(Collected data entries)
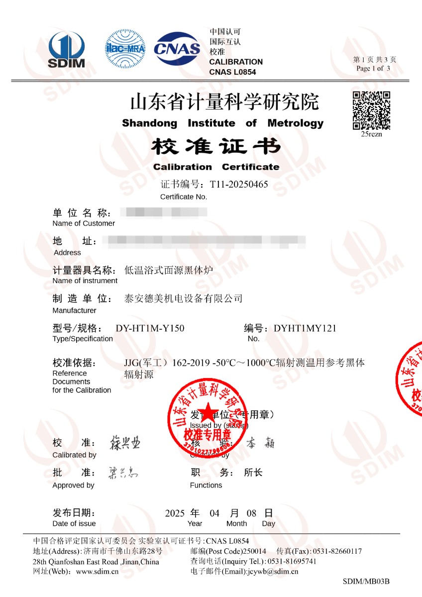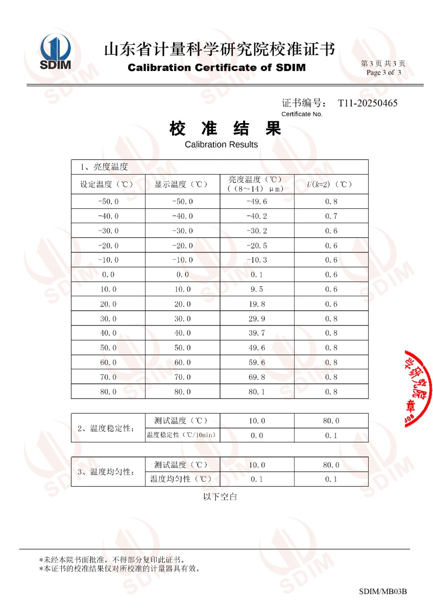 低溫浴式面源黑體爐(-50-80℃)校準證書 2025-4-9 本文被閱讀 3303 次
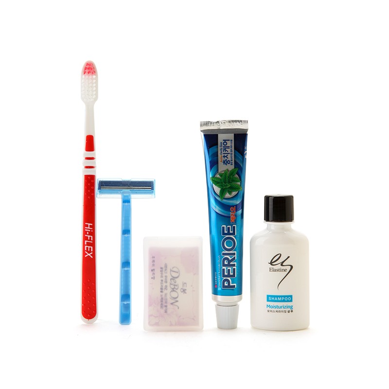 ✨ Forget scrambling for essentials! Our popular kit includes everything you need for a refreshing experience on the go, from a travel toothbrush and toothpaste to a handy disposable razor, all in one compact package.
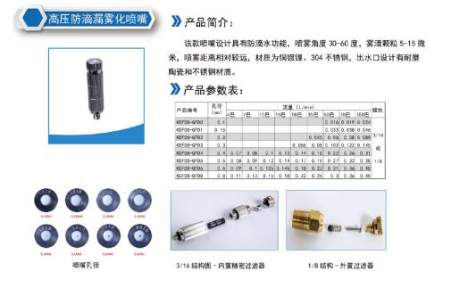 噴嘴選用:選用導(dǎo)流片式噴嘴,內(nèi)置精密過濾器,噴霧霧滴細(xì)小5-15um,工作壓力40-80公斤,流量60ml/min
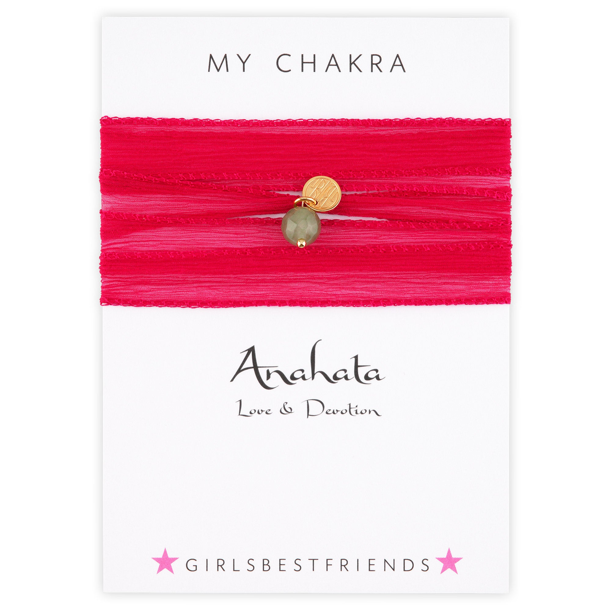 Wickel-Armband - Anahata (Aventurin): Grüner Aventurin an pinkfarbenem Seidenchiffon-Band (und kleinem Plättchen aus 925er-Silber, goldplattiert) hilft dir dabei, dein Herz-Chakra zu öffnen und Liebe, Hingabe und Achtsamkeit zu allen Lebewesen zu fühlen.
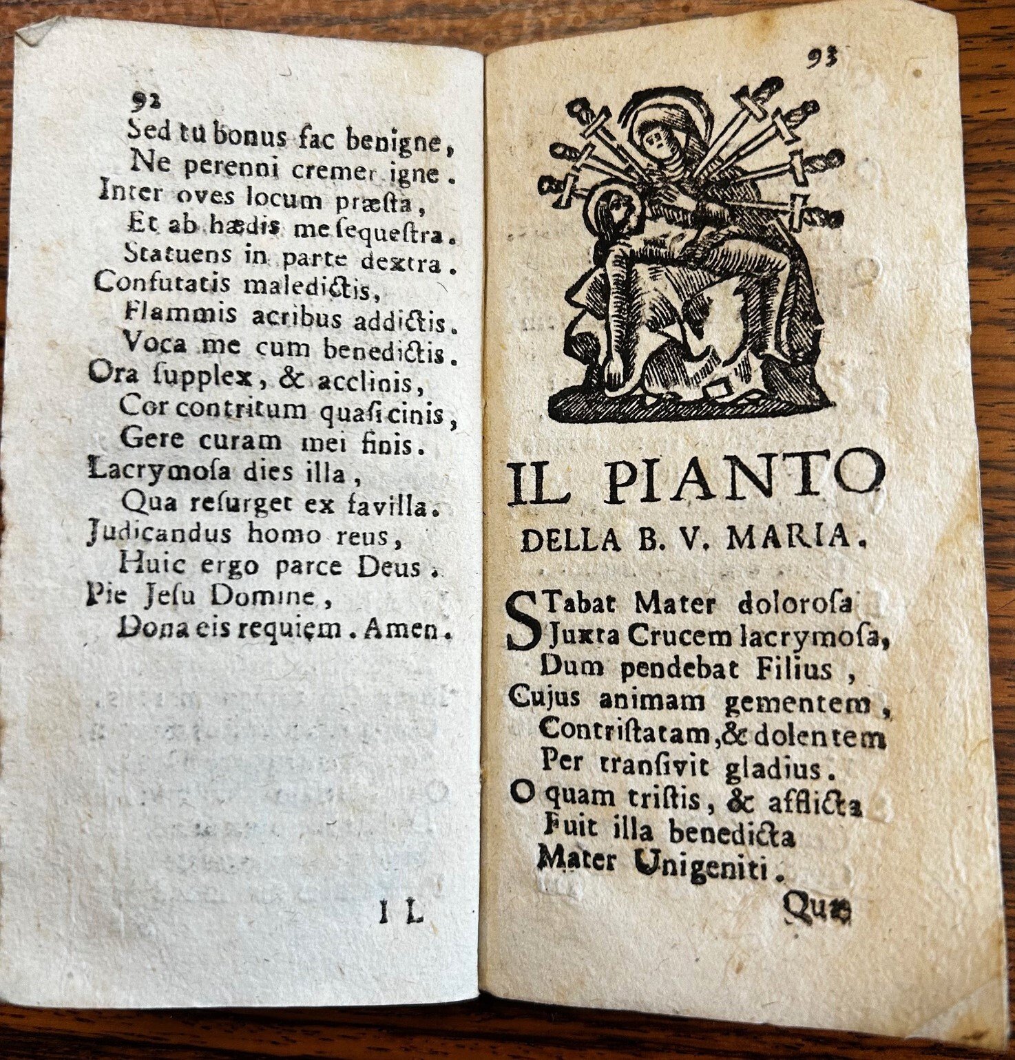 >in- 24 oblungo (mm 140x55), pp 96, cartonato rustico. Grande incisione su legno a piena pagina raffigurante la caduta degli angeli, numerosi frontalini e finalini . Deliziosa edizione di formato inusuale, comprende "offerte" per tutti i giorni della settimana, Sequenza de' morti, Pianto della B.V. Segala o Alessio da Salò (Salò 1558-1628) a 14 anni vestì l'abito talare, fu devotissimo della Madonna, dei Santi e delle anime del Purgatorio, devozione che diffuse creando a Brescia la Confraternita del Suffragio. Autore di numerose opere ascetiche pubblicate in Italia e tradotte in francese e tedesco. Bell'esemplare, qualche piccola marginale macchietta, edizione non comune.
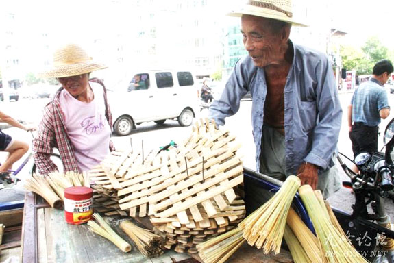 9月15日上午,一位来自临海的老人在天长北路卖自制竹厨具。由于竹制品比较环保,再加上价格也非常便宜,所以还是受到部分市民的欢迎。
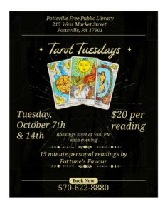 What do the cards have in store for you? Find out at the Pottsville Library while 2 expert tarot readers from Fortune’s Favour give you a personal 15 minute reading. Bookings start at 5:00pm on Tuesday, October 7th, and Tuesday, October 14th. Time slots fill up fast–don’t wait to schedule your personal tarot card reading! Each reading is $20. Book online via our Facebook page, or call 570-622-8880 ext. 10 to set up your time!
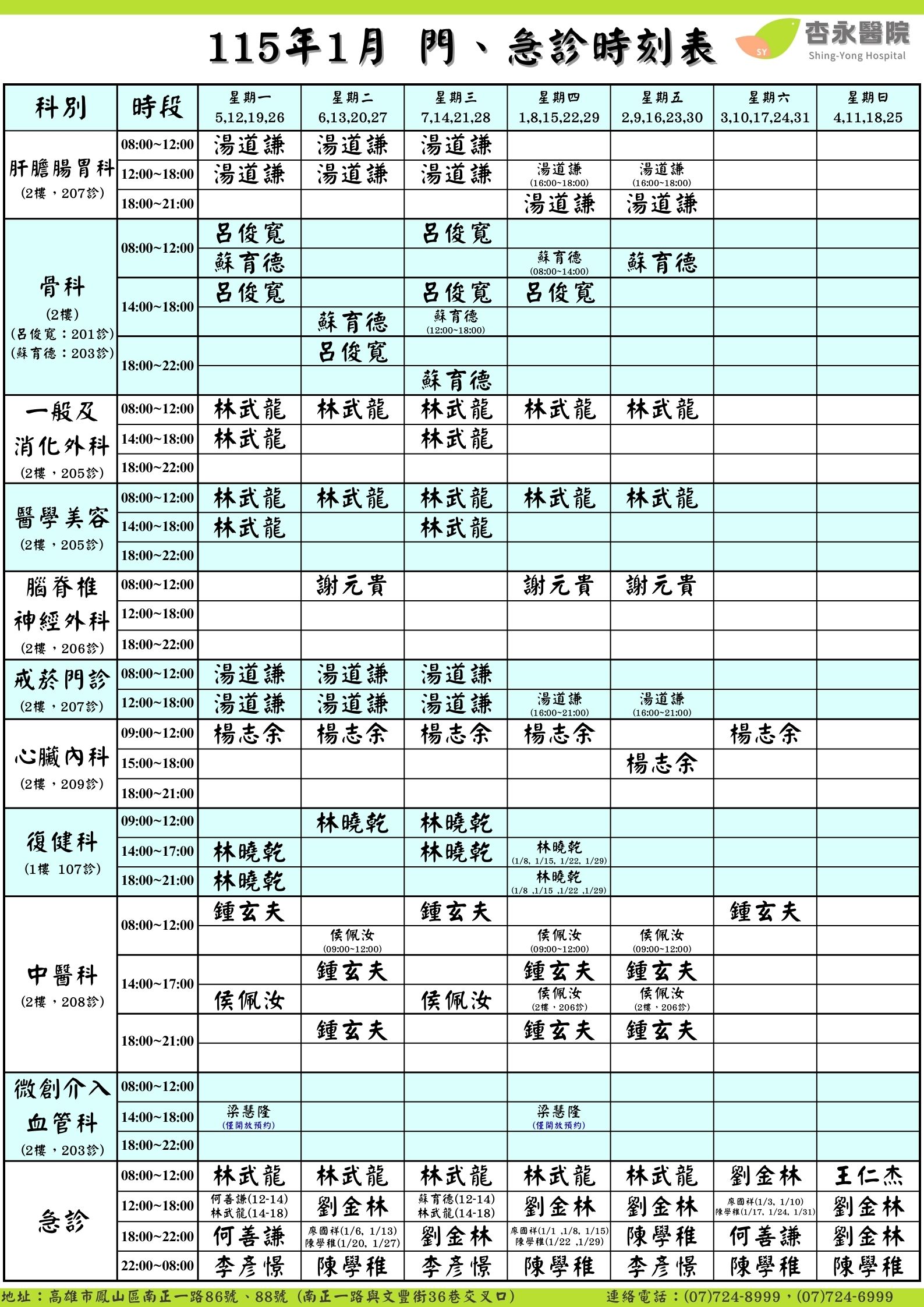 115年1月門診表
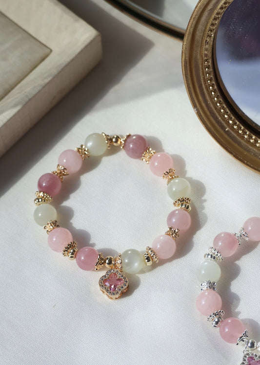 *Instocks* Celine - Chain with Snow Garden Rose Quartzes Heart, MOP Clover & MOP Flower Crystal Bracelet (OT Clasp)
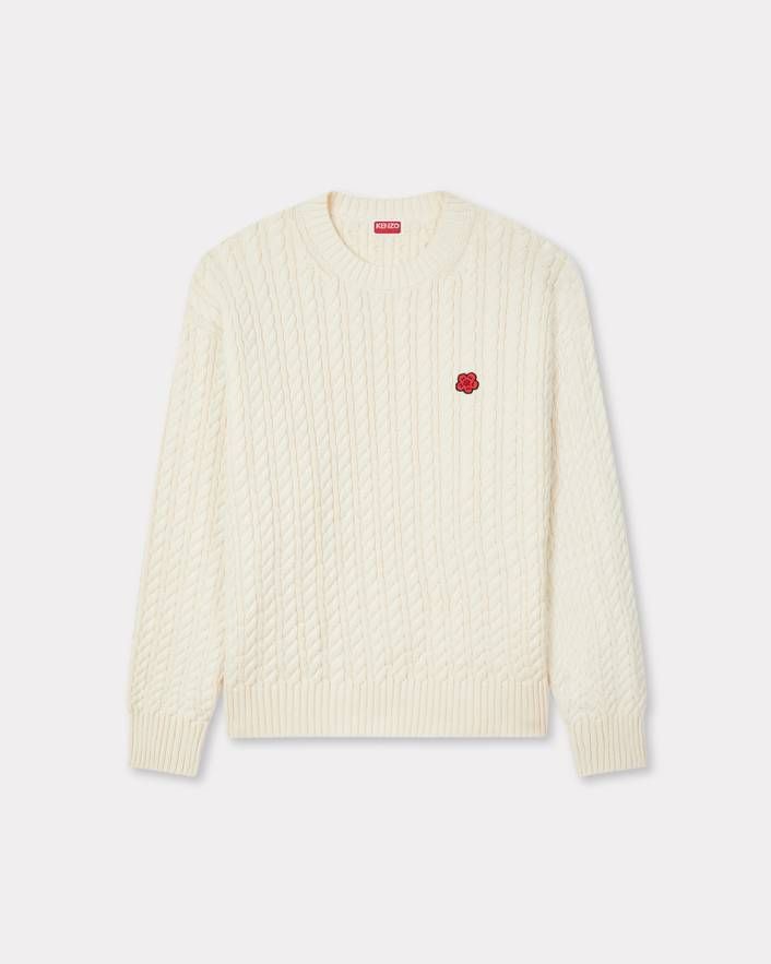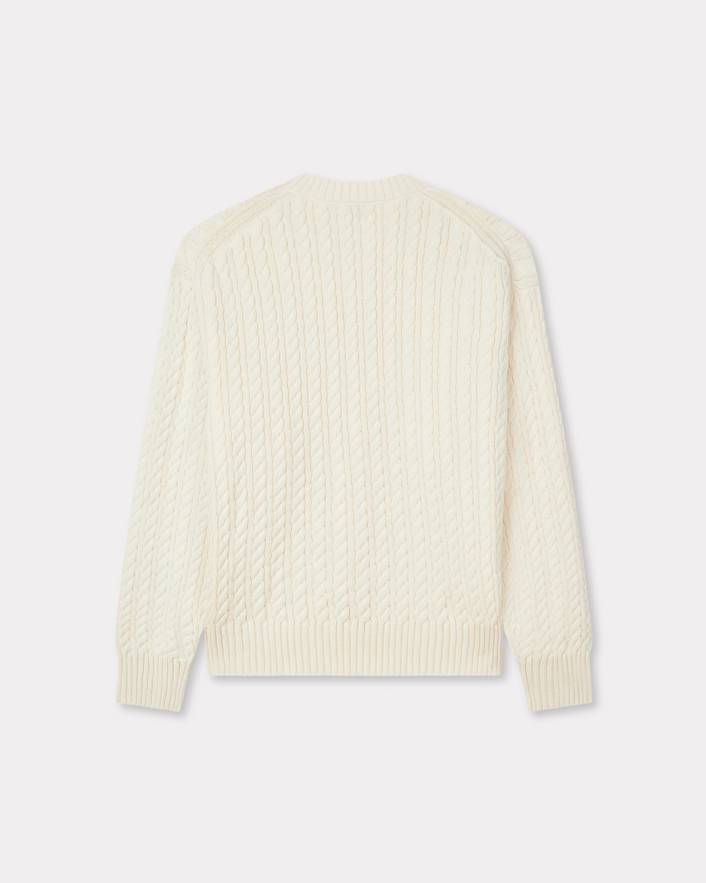 This classic cable knit pullover from Kenzo is a timeless wardrobe essential. Crafted in a luxurious cream tone with intricate cable detailing throughout, this sweater features a crew neckline and long sleeves for effortless comfort.
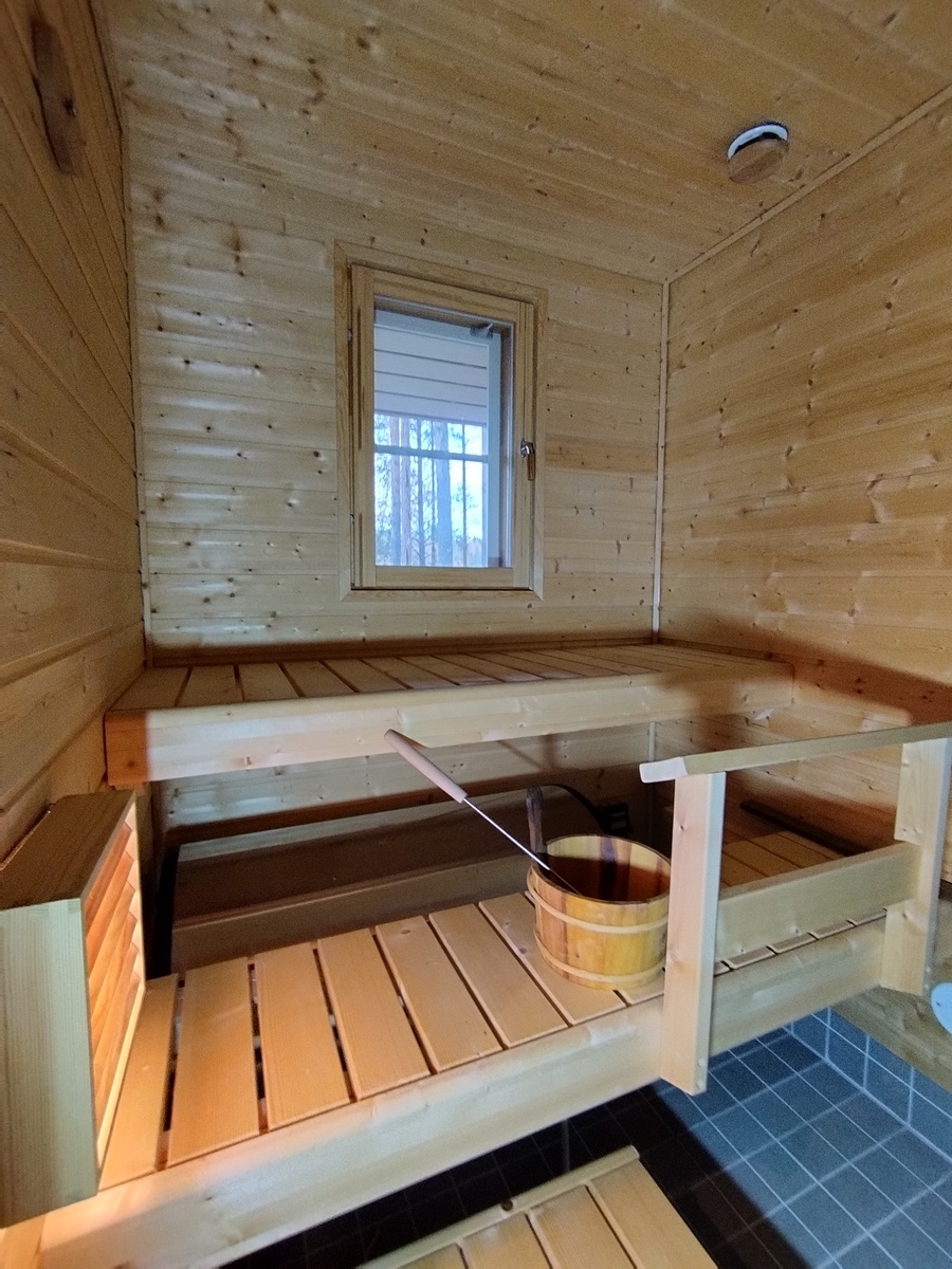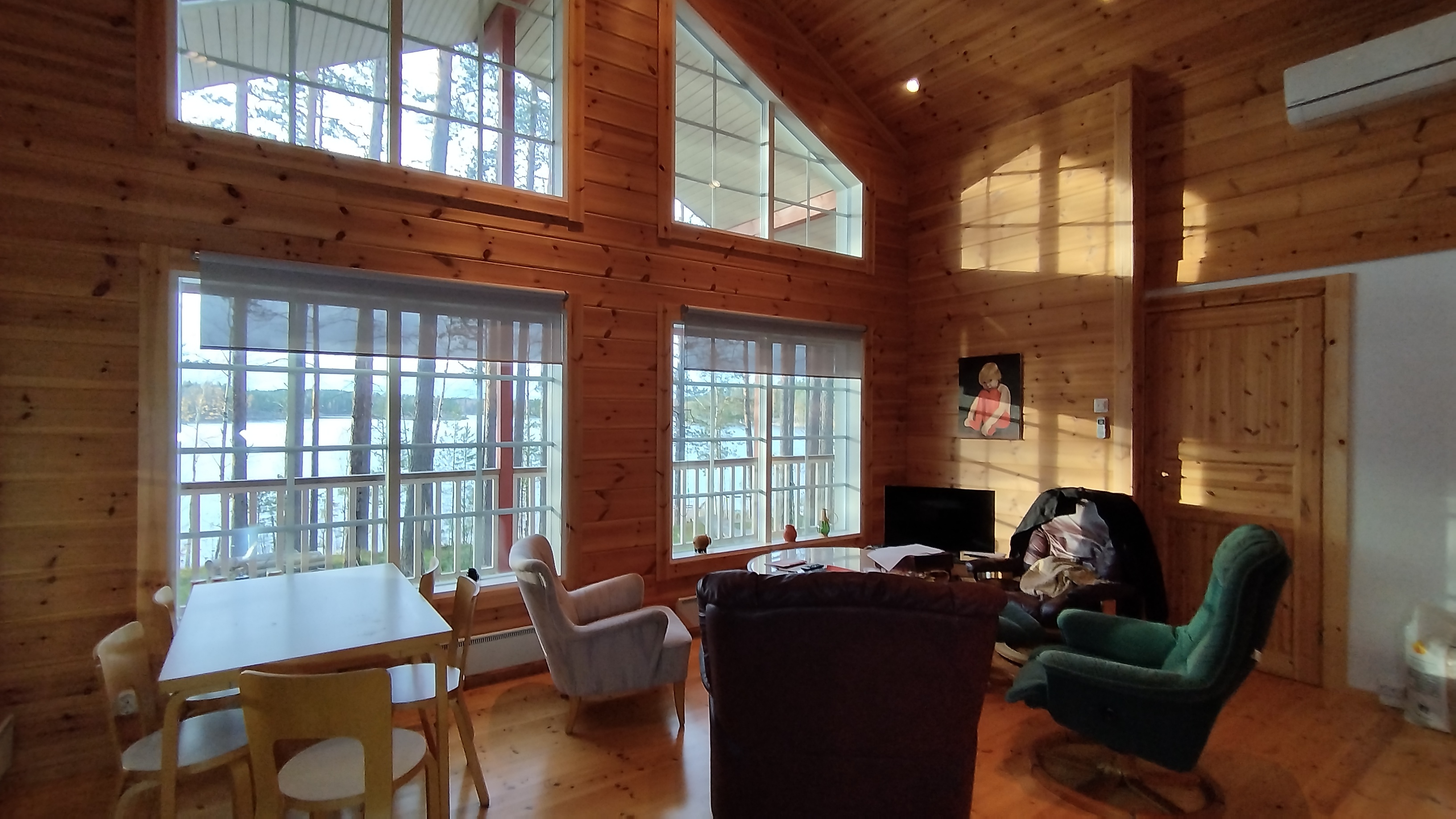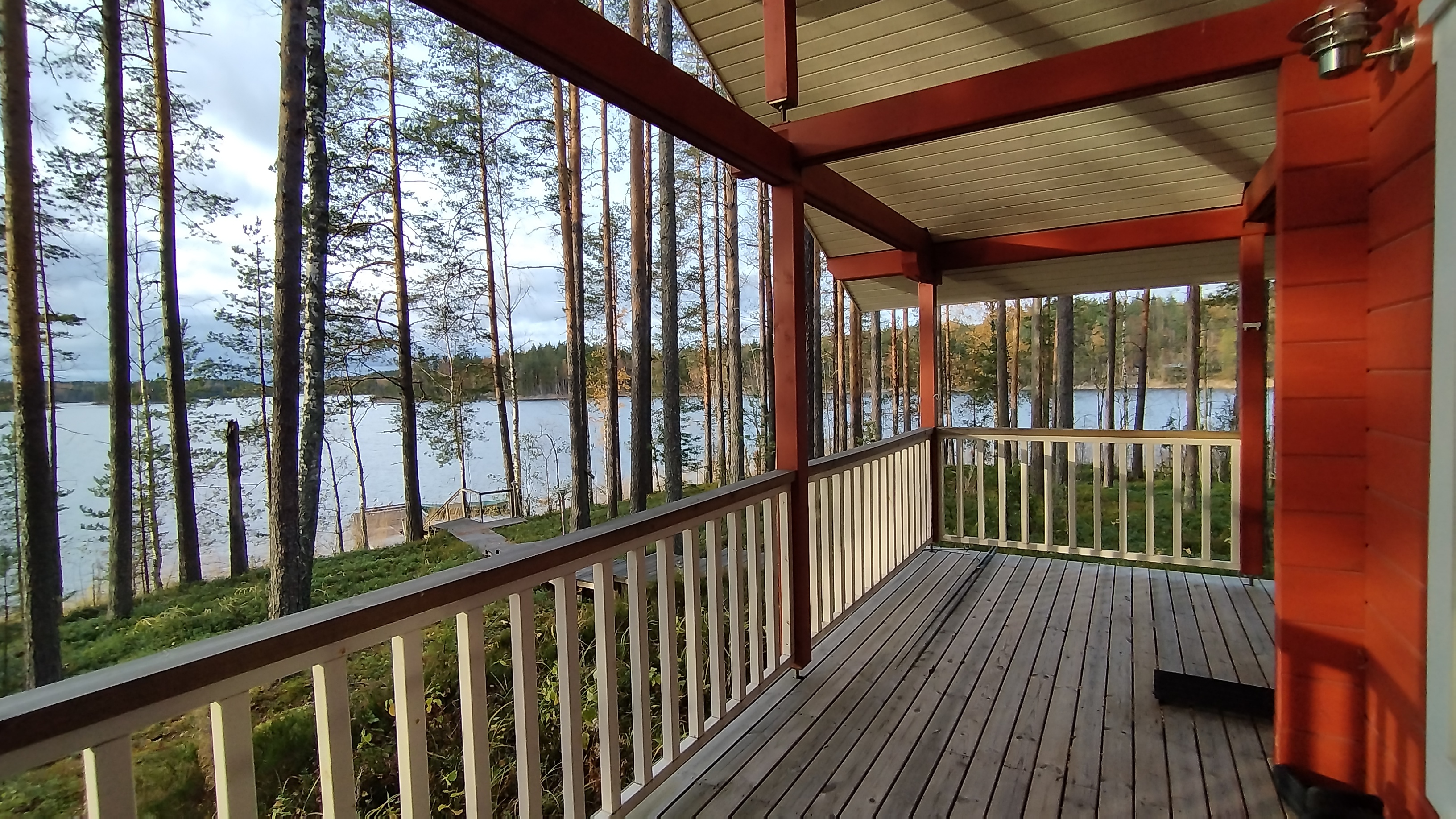 Valoisa olohuone avautuu suurin maisemaikkunoin Saimaalle, ja keittiö on varusteltu nykyaikaisesti – astianpesukone, erillisuuni, mikro ja jääkaappipakastin tekevät arjesta sujuvaa. Huvilassa on kaksi makuuhuonetta, tilava parvi sekä sauna, joka lämpiää aidolla puukiukaalla. Katettu terassi ja luonnonläheinen piha viimeistelevät idyllisen kokonaisuuden.

• _WORK TO COMPLETE_
Reproduce each entry precisely; the pictures stay out.

• _ANSWER BELOW_
 低溫浴式面源黑體爐(-50-80℃)校準證書 2025-4-9 本文被閱讀 3303 次
 ✨ Forget scrambling for essentials! Our popular kit includes everything you need for a refreshing experience on the go, from a travel toothbrush and toothpaste to a handy disposable razor, all in one compact package.
 噴嘴選用:選用導(dǎo)流片式噴嘴,內(nèi)置精密過濾器,噴霧霧滴細(xì)小5-15um,工作壓力40-80公斤,流量60ml/min
 Wickel-Armband - Anahata (Aventurin): Grüner Aventurin an pinkfarbenem Seidenchiffon-Band (und kleinem Plättchen aus 925er-Silber, goldplattiert) hilft dir dabei, dein Herz-Chakra zu öffnen und Liebe, Hingabe und Achtsamkeit zu allen Lebewesen zu fühlen.
 >in- 24 oblungo (mm 140x55), pp 96, cartonato rustico. Grande incisione su legno a piena pagina raffigurante la caduta degli angeli, numerosi frontalini e finalini . Deliziosa edizione di formato inusuale, comprende "offerte" per tutti i giorni della settimana, Sequenza de' morti, Pianto della B.V. Segala o Alessio da Salò (Salò 1558-1628) a 14 anni vestì l'abito talare, fu devotissimo della Madonna, dei Santi e delle anime del Purgatorio, devozione che diffuse creando a Brescia la Confraternita del Suffragio. Autore di numerose opere ascetiche pubblicate in Italia e tradotte in francese e tedesco. Bell'esemplare, qualche piccola marginale macchietta, edizione non comune.
 9月15日上午,一位来自临海的老人在天长北路卖自制竹厨具。由于竹制品比较环保,再加上价格也非常便宜,所以还是受到部分市民的欢迎。
 What do the cards have in store for you? Find out at the Pottsville Library while 2 expert tarot readers from Fortune’s Favour give you a personal 15 minute reading. Bookings start at 5:00pm on Tuesday, October 7th, and Tuesday, October 14th. Time slots fill up fast–don’t wait to schedule your personal tarot card reading! Each reading is $20. Book online via our Facebook page, or call 570-622-8880 ext. 10 to set up your time!
 115年1月門診表
 *Instocks* Celine - Chain with Snow Garden Rose Quartzes Heart, MOP Clover & MOP Flower Crystal Bracelet (OT Clasp)
 This classic cable knit pullover from Kenzo is a timeless wardrobe essential. Crafted in a luxurious cream tone with intricate cable detailing throughout, this sweater features a crew neckline and long sleeves for effortless comfort.
 Valoisa olohuone avautuu suurin maisemaikkunoin Saimaalle, ja keittiö on varusteltu nykyaikaisesti – astianpesukone, erillisuuni, mikro ja jääkaappipakastin tekevät arjesta sujuvaa. Huvilassa on kaksi makuuhuonetta, tilava parvi sekä sauna, joka lämpiää aidolla puukiukaalla. Katettu terassi ja luonnonläheinen piha viimeistelevät idyllisen kokonaisuuden.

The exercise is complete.